The fact is that all countries, including our own, protect certain sectors. We do less of it than others, but we have tariffs of "350 percent on smoking tobacco, 130 percent on peanuts and 99 percent on prepared groundnuts" and 25 percent on imported light trucks.
So, when Trump rails, as he did at the meeting, between proposing a "tariff-free G7" versus "we're going to stop trading with them," he's way out of his depth. Every tariff has a lobby behind it, if not a culture (the French countryside is dotted with lovely family farms that could not survive without protective tariffs and subsidies). They are an ingrained part of the trading system, they're not a problem on average, and the realistic play here is to accept that reality and try to negotiate them down in trade deals.
As for postponing trade with G7 or any other large trading partner, it's a meaningless claim. This is his standard "Art of the Deal, You're Fired" crap that is great fun on TV (if that's your thing), but meaningless in this context.
Moreover, his steel and aluminum tariffs, along with similar threats and actions will only hurt the many more Americans in industries that use these metals as inputs than those that produce them, while at the same time inviting retaliation in the form of higher tariffs on U.S. imports.
Q: So, where does this go next?
A: Nowhere good, I'm afraid. To circle back to the top, the system isn't broken, so misguided attempts to fix it will likely backfire.
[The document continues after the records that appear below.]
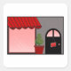 A storefront window and door with the open sign showing. This design looks really effective on these Stickers
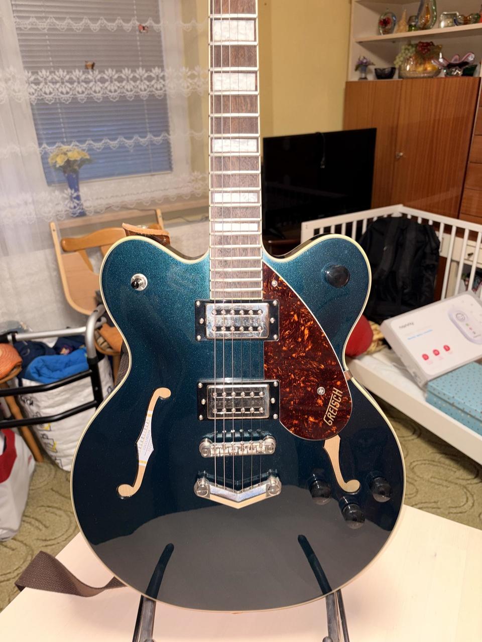 Prodám elektrickou kytartu Gretsch G2622 Streamliner CB V DC LRL v barvě midnight sapphire. Kytara byla pořízena v prosinci 2022. Je v perfektním stavu, ale bude potřebovat nové struny. Lazení drží. Popruh není součástí prodeje. Důvod prodeje - nevyužití - přechod na levnější telecaster.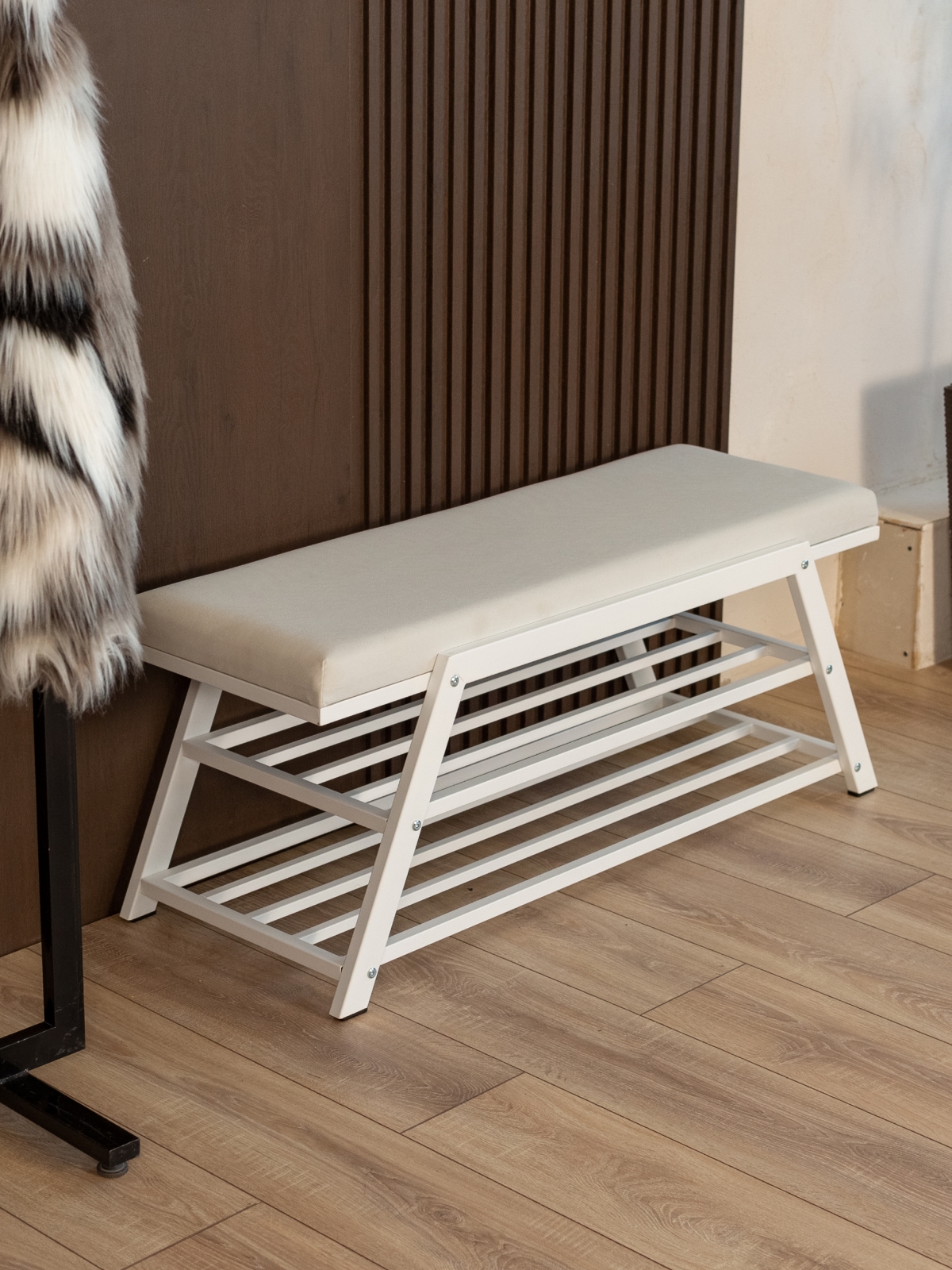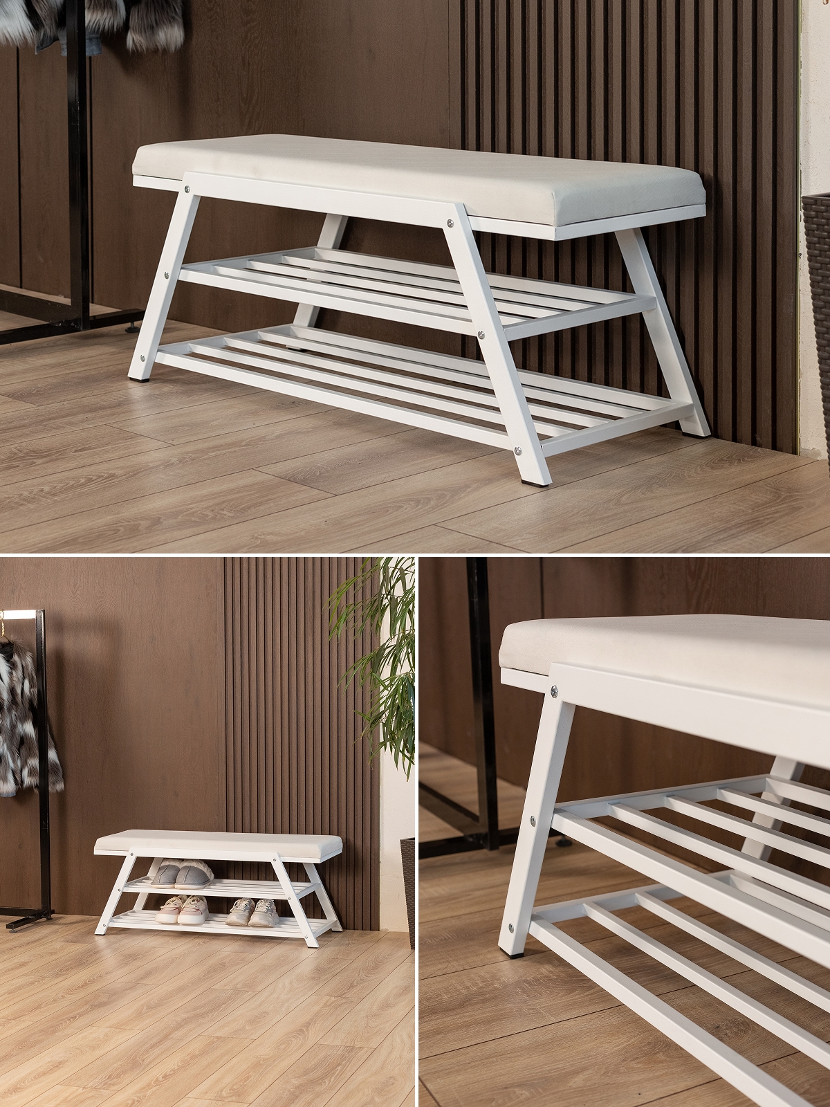Полки расположены на оптимальной высоте, чтобы можно было разместить ботинки, туфли, сандалии, кроссовки. А мягкое сиденье, расположенное сверху, делает процесс переобувания комфортным. Вы можете присесть, не испытывая неудобства, особенно после долгого рабочего дня.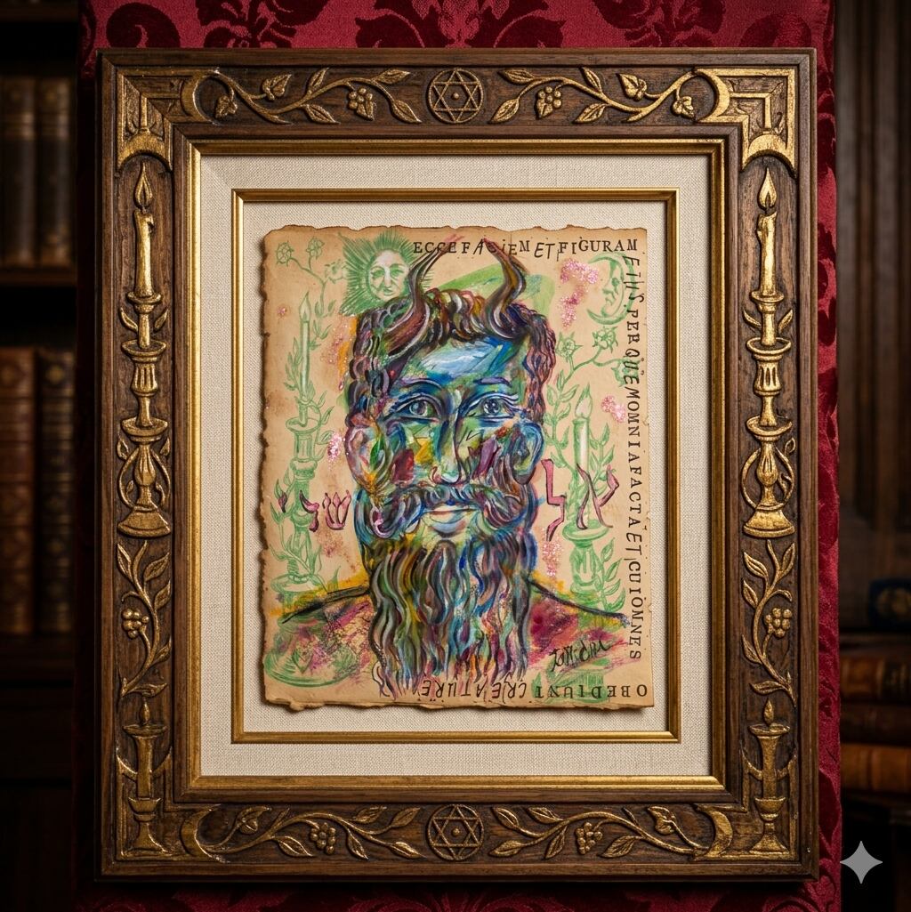 ※ソロモン王の鍵 シャダイの代理人であり象徴でもある大天使メタトロンの顔、エルシャダイ。太陽の1の護符のペンタクルの周りに書かれている、ラテン語で「あらゆるものの創造主であり、すべての生き物が従う あのお方の顔とお姿を心に抱け」 の文字と、ヘブライ語のエル・シャダイを加えてあります。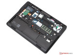 Nach dem Entfernen des Akkus müssen lediglich noch zwei Schrauben gelöst werden, um die großflächige Bodenplatte des Notebooks abnehmen zu können. Darunter lassen sich unter anderem die beiden DDR3-Speicherslots (davon einer unbelegt), ein 2,5-Zoll-Schacht für Massenspeicher (belegt), das WLAN-Modul sowie ein freier Steckplatz für eine WWAN-Karte (M.2) entdecken. Vorbildlich: Die notwendigen Antennenkabel hat Dell bereits vorverlegt. Ebenso einfach gestaltet sich die Reinigung des gut zugänglichen Lüfters.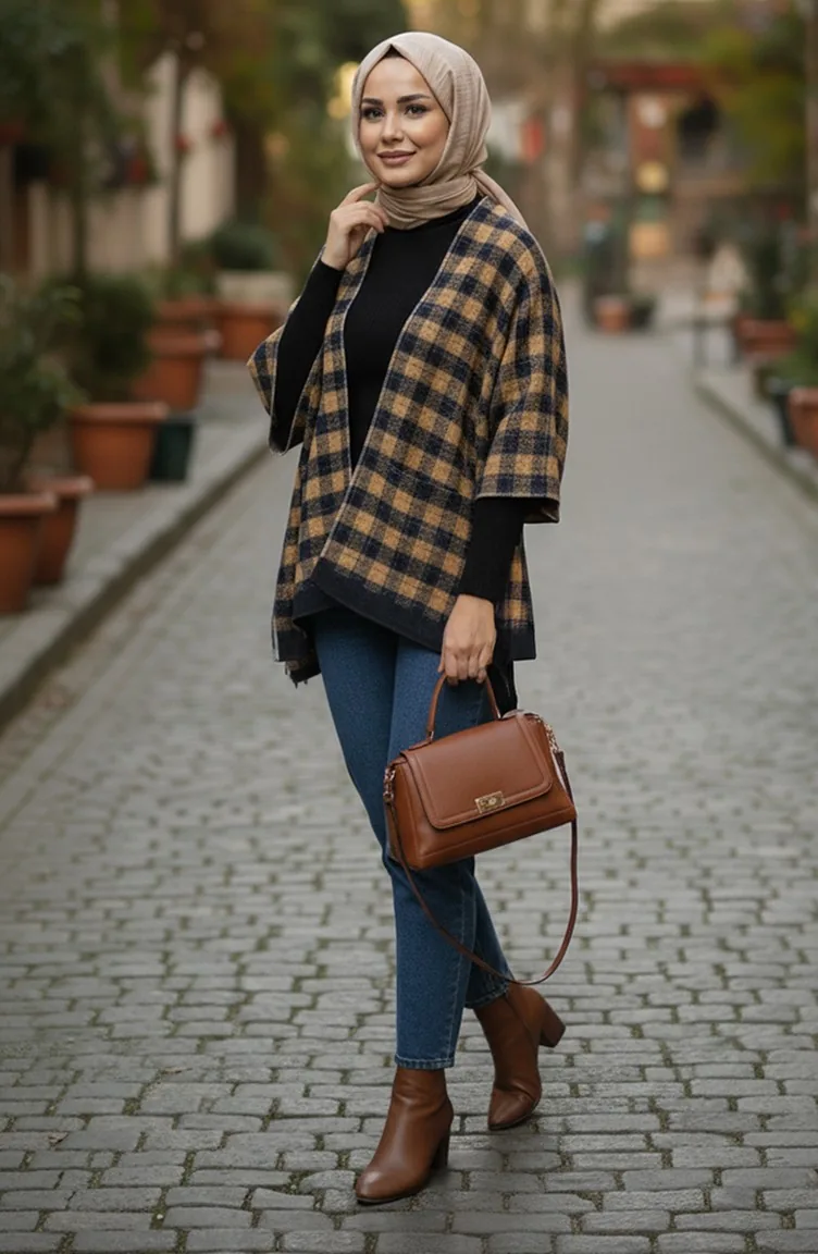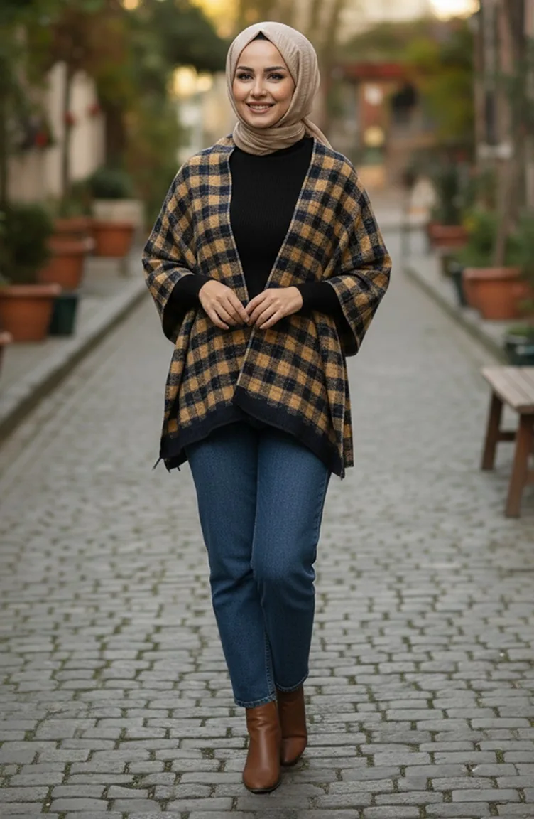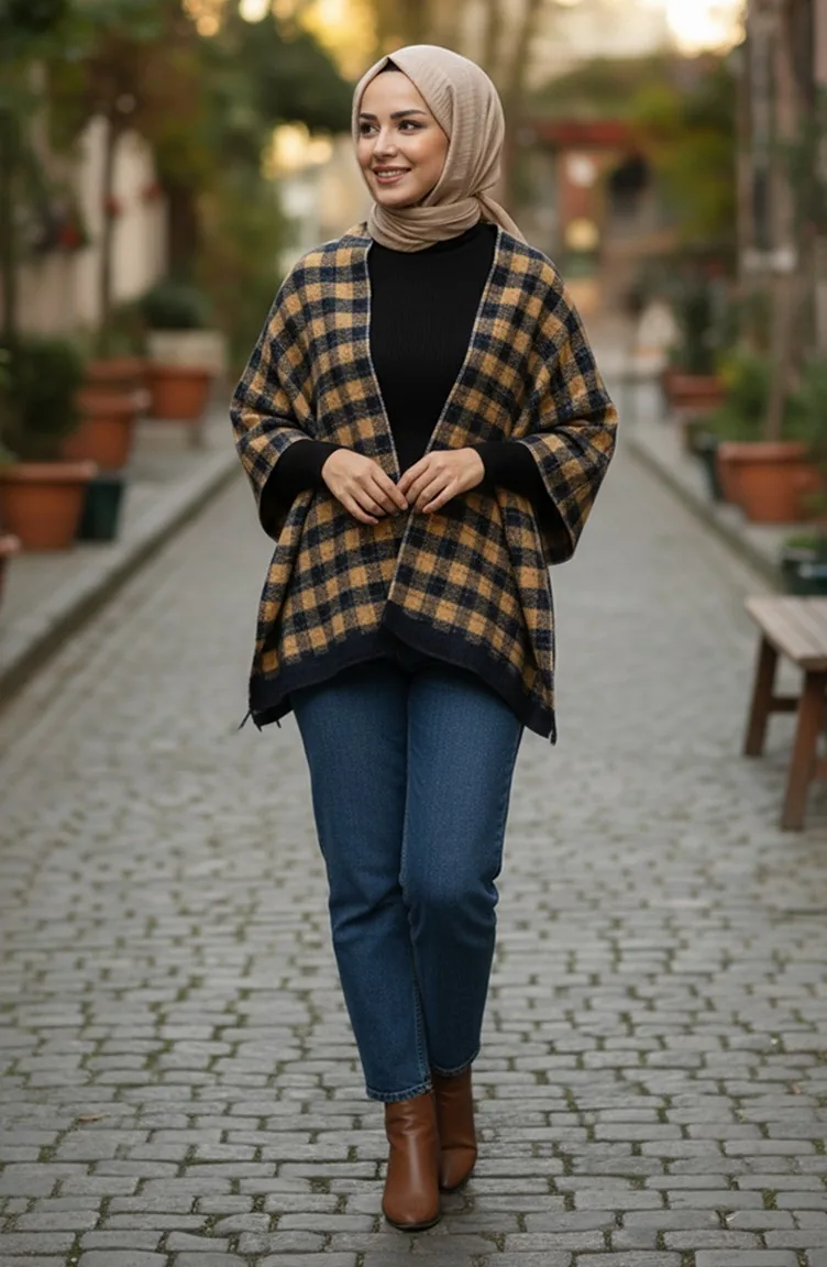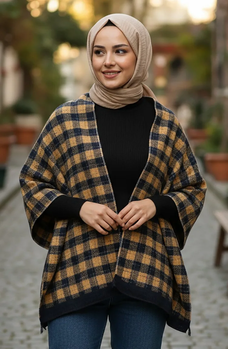 Schulterschal 1093-01 Senfblau Marineblau 1093-01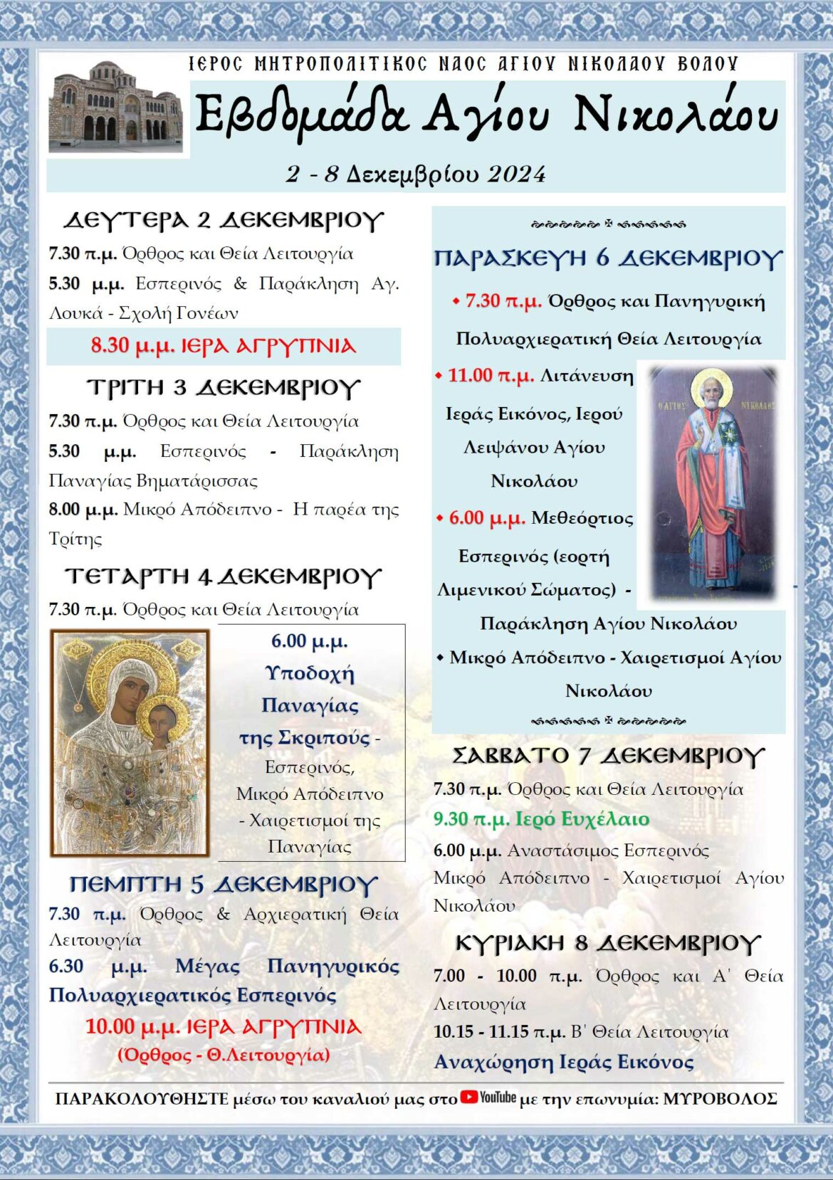 Εβδομάδα λατρευτικών εκδηλώσεων ενόψει της εορτής του Πολιούχου μας Αγίου Νικολάου, θα διεξαχθεί στον Μητροπολιτικό Ιερό Ναό του Βόλου από 2 έως 8 Δεκεμβρίου.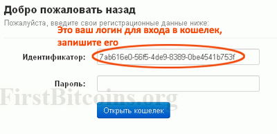 После того, как сохранили фразу, жмите "Продолжить" - переход на страницу с данными для входа в кошелек. В первом поле вы увидите набор цифр и букв – это ваш идентификатор для входа, запишите его. Во второй строке введите свой пароль и нажимайте на "Открыть кошелек".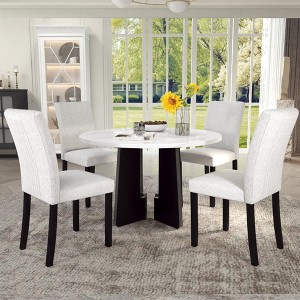 Transform your dining space with this 5-Piece Round Dining Table Set, designed to bring modern elegance and functionality to your home. The set includes a 43-inch round dining table with a sleek MDF tabletop and marble paper veneer, offering a sophisticated and authentic marble-like finish. Complementing the table, four upholstered dining chairs provide ultimate comfort and style. Each chair features an ergonomic curved backrest, high-resilience foam padding, and high-quality linen fabric for a chic, cozy dining experience. With sturdy solid rubber wood legs, this dining set promises both durability and beauty. Ideal for small to medium-sized spaces, this set combines clean lines, modern simplicity, and natural textures, making it a timeless addition to your home.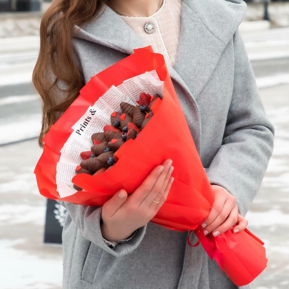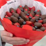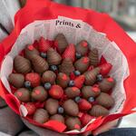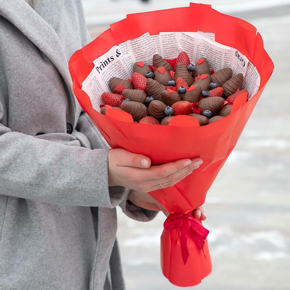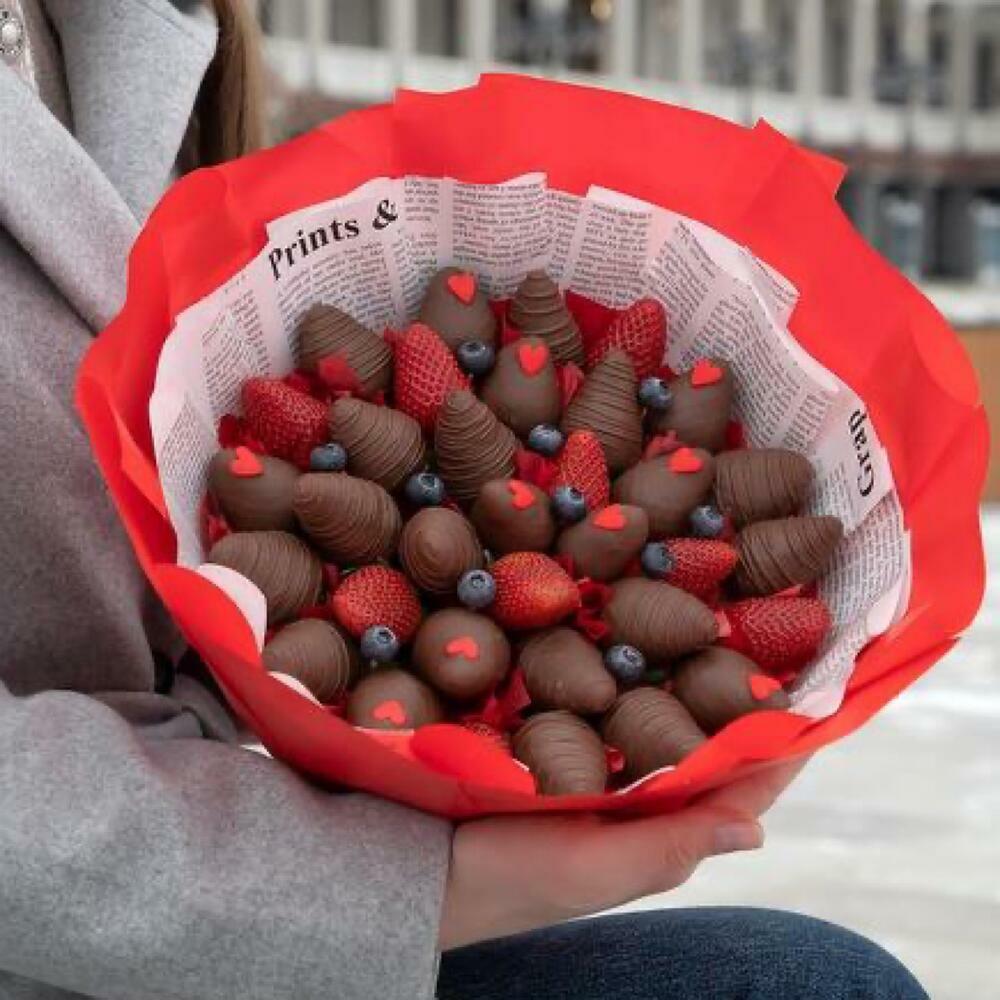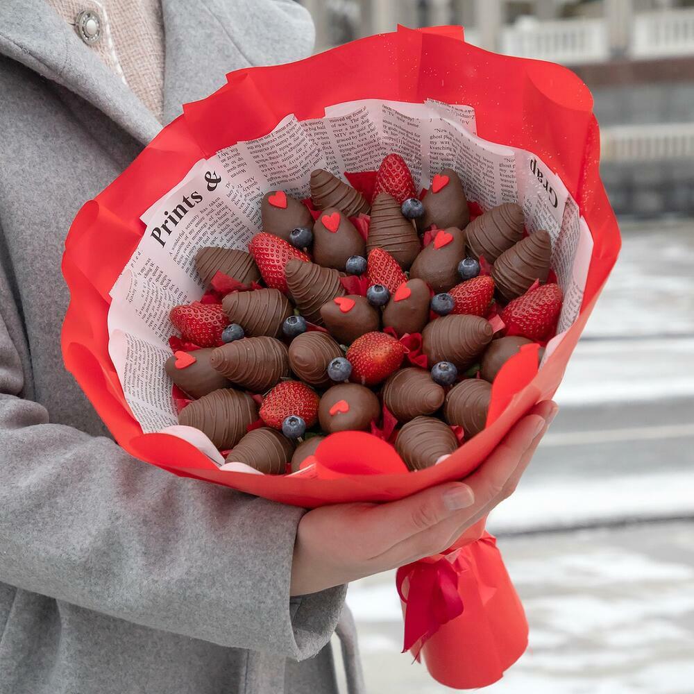 Подарите яркий сладкий подарок - букет из клубники в молочном шоколаде! Роскошный букет, нежно окутанный вкусом шоколада, голубики и клубники, а также красная и газетная подарочная упаковки подчеркнут романтическую атмосферу!
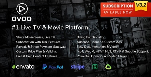 OVOO v3.2.7 Nulled – Live TV & Movie Portal CMS with Membership System Script

That could mean higher trade deficits and higher prices, but I'd guess these are marginal impacts, given that none of this bluster will majorly disrupt ongoing trade flows, and given our relatively low exposure to trade (we do a lot less of it than the other G7 countries; imports are just 15 percent of our GDP and only about 10 percent of consumer spending, less than half that of other G7 economies).
The worst thing about all this, aside from the diplomatic disruptions, is that Trump identified a real problem and was elected, at least in part, to do something about it. But neither he nor his team knows what to do.